(COLLECTED MATERIAL)
Content starts

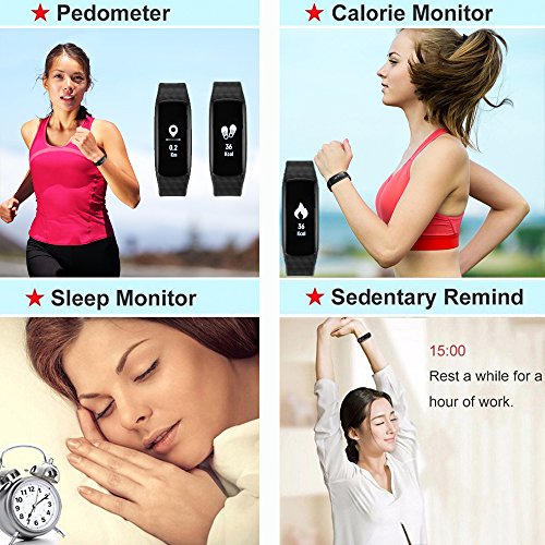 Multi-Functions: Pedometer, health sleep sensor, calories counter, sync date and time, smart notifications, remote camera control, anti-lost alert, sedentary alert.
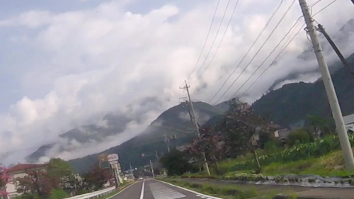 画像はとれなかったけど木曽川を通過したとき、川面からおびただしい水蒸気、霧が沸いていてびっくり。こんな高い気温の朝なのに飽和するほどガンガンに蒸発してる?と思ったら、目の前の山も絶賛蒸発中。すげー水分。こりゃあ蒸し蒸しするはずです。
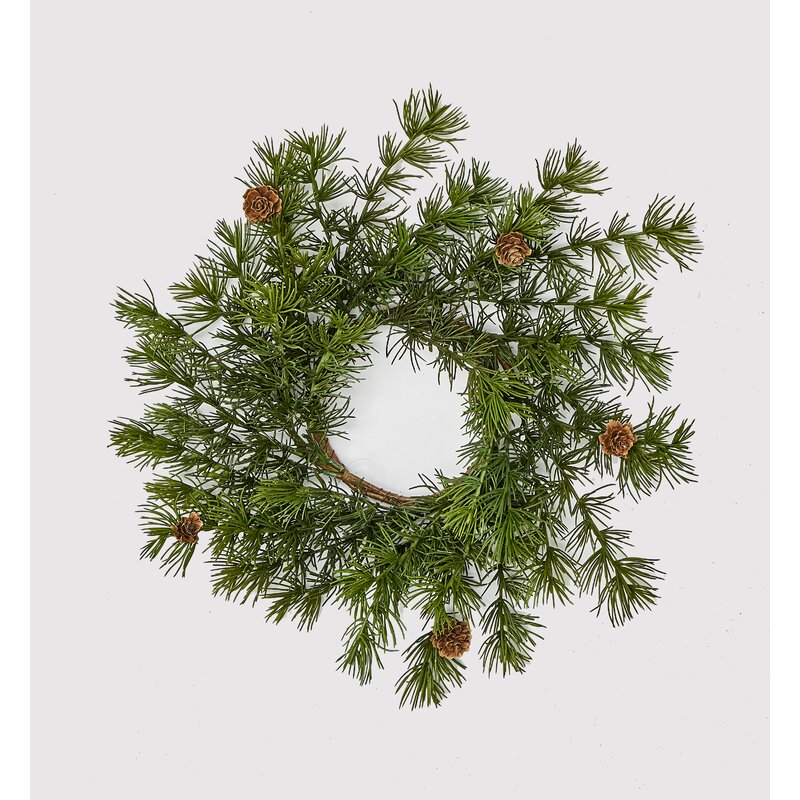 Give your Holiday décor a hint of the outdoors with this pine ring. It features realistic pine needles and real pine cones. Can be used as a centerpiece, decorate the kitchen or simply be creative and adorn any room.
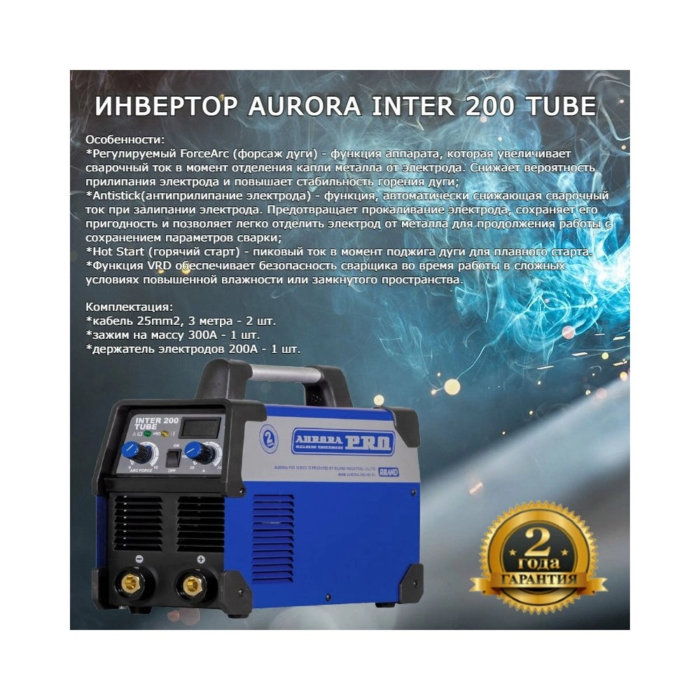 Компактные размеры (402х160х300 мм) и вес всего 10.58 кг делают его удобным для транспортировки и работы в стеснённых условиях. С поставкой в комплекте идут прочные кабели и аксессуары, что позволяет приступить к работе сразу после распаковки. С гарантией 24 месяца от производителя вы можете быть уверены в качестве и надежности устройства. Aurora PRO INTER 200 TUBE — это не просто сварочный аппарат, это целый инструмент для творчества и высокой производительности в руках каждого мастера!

Content ends

(EXERCISE) Give the listing again word for word. Skip every image.

(WRITTEN SOLUTION)
 Multi-Functions: Pedometer, health sleep sensor, calories counter, sync date and time, smart notifications, remote camera control, anti-lost alert, sedentary alert.
 画像はとれなかったけど木曽川を通過したとき、川面からおびただしい水蒸気、霧が沸いていてびっくり。こんな高い気温の朝なのに飽和するほどガンガンに蒸発してる?と思ったら、目の前の山も絶賛蒸発中。すげー水分。こりゃあ蒸し蒸しするはずです。
 Give your Holiday décor a hint of the outdoors with this pine ring. It features realistic pine needles and real pine cones. Can be used as a centerpiece, decorate the kitchen or simply be creative and adorn any room.
 Компактные размеры (402х160х300 мм) и вес всего 10.58 кг делают его удобным для транспортировки и работы в стеснённых условиях. С поставкой в комплекте идут прочные кабели и аксессуары, что позволяет приступить к работе сразу после распаковки. С гарантией 24 месяца от производителя вы можете быть уверены в качестве и надежности устройства. Aurora PRO INTER 200 TUBE — это не просто сварочный аппарат, это целый инструмент для творчества и высокой производительности в руках каждого мастера!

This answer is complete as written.